Nein, s. a. die verschiedenen hier schon gepostetetn Links (oder auch hier, S 5. oben: --> Link ). Beim Ausfahren haben die von rechts kommenden Fußgänger definitiv Vorrang. Das dies in der Praxis auch die wenigsten Fußgänger wissen, ist etwas anderes.
stimmt Micha, mir auch :D zum Glück wissen die meisten Fußgänger nicht, dass sie eigentlich Vorrecht haben und laufen nicht einfach los. Ich glaub da gäbe es einige Verkehrstote mehr bei uns. Also, kein Halteverbot an besagter Stelle! Gehe morgen nach dem Waldlauf an der Wache rein und frage danach.

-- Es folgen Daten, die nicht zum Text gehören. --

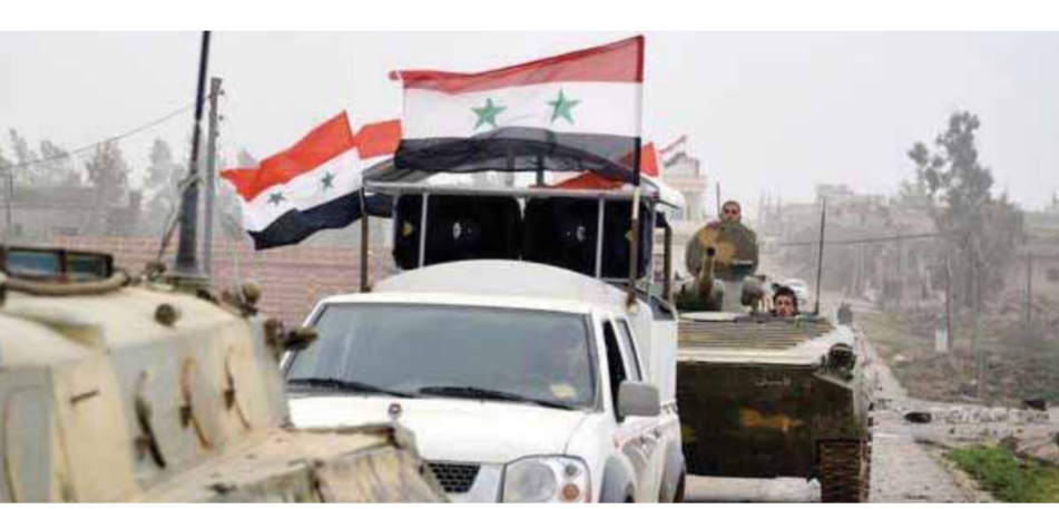
قوات للجيش العربي السوري في محيط درعا البلد

ولفت إلى أن عملية تطهير حي طريق السد من الدواعش كانت بمنزلة ضربة قاصمة للتنظيم الإرهابي في درعا، خاصة أن الحي كان يضم غرفة عمليات ومقر قيادة للتنظيم محصناً منذ سنوات. واعتبر المصدر أن العملية أفادت التنظيم القدرة على إعادة التكتل وتنظيم العمليات؛ بسبب الضربة الموجهة التي تلقاها والخسائر الكبيرة التي لحقت به وبقائه أهم غرف عملياته في الجنوب السوري. هذه المعلومات جنوباً تزامنت مع بدء النظام التركي بأولى خطوات تشكيل «قيادة عسكرية موحدة» من مرتزقة الإرهابيين في المناطق التي يحتلها شمال سورية، تنفيذاً لخرجات اجتماع استخبارات مع متزعمي المرتزقة في مدينة غازي عنتاب في ٢٥ من الشهر الجاري.

Das stimmt so nicht immer. es kommt darauf an, ob sich auf der Fahrbahn ein Zebrastreifen befindet. Ist dies der Fall und man brettert in den Kreisel (oder raus) ohne den Fußgänger rüberzulassen droht ein Bußgeld in Höhe von 80,-€uro, bei Gefährdung auch mehr und 1 Punkt in Flensburg. :arrow: --> Link Grundsätzlich gilt aber § 9 Absatz 3 StVO : "Auf zu Fuß Gehende ist besondere Rücksicht zu nehmen; wenn nötig, ist zu warten." Es gibt bei uns einen Kreißverkehr ausserhalb einer geschl. Ortschaft, dort stehen für Fahrradfahrer Vorfahrt-Achten-Schilder um zügiges Abbiegen zu ermöglichen. Natürlich halten dort auch Fahrzeuge an, wenn Radler oder Fußgänger queren wollen. In dem Fall des TE rechnet jeder Fahrer damit, das das Fahrzeug vor ihm anhalten muss oder es freundlicherweise tut, aber kaum einer rechnet damit, das er nach 20 Metern in die Eisen geht. Da sehe ich großes Potential für die Karosseriewerkstätten. :ja: Das ist klar, vom Zebrastreifen war hier nie die rede. Also, ich war dann gestern auf der Polizeiwache. Und nix genaues weiß mann nicht. Es kann Interpretiert werden im Einzelfall, ansonsten § 1 STVO ist immer richtig. Könnte ja das Fahrzeug hinter mir behindern. Habe das mal an den ADAC weitergeleitet. Grüße Horst So, heute kam die ausführliche vom ADAC. Fazit für mich: ich halte nicht mehr an wenn Fußgänger an der Straße stehen. Kann gut sein das ich die Schuld bekomme wenn jemand pennt und auffährt. Sorry ist so. Grüße Horst Da wär's doch klasse, wenn Du uns ein wenig an der ADAC-Erläuterung partizipieren lassen könntest. Ich halte übrigens weiter für Fußgänger, welche die Straße queren wollen. Na gut, ohne rechtliche Verbindlichkeit meinerseits. Ein und ausfahren Kreisverkehr ohne Zebra kein Vorrang für Fußgänger. Worauf es mir ankam: anhalten für Fußgänger: wenn da einer drauffährt kann er behaupten das ich ohne Grund stark gebremst habe und das Gegenteil beweisen muss. Ist so und werde nicht mehr anhalten. Grüße Horst Danke Host!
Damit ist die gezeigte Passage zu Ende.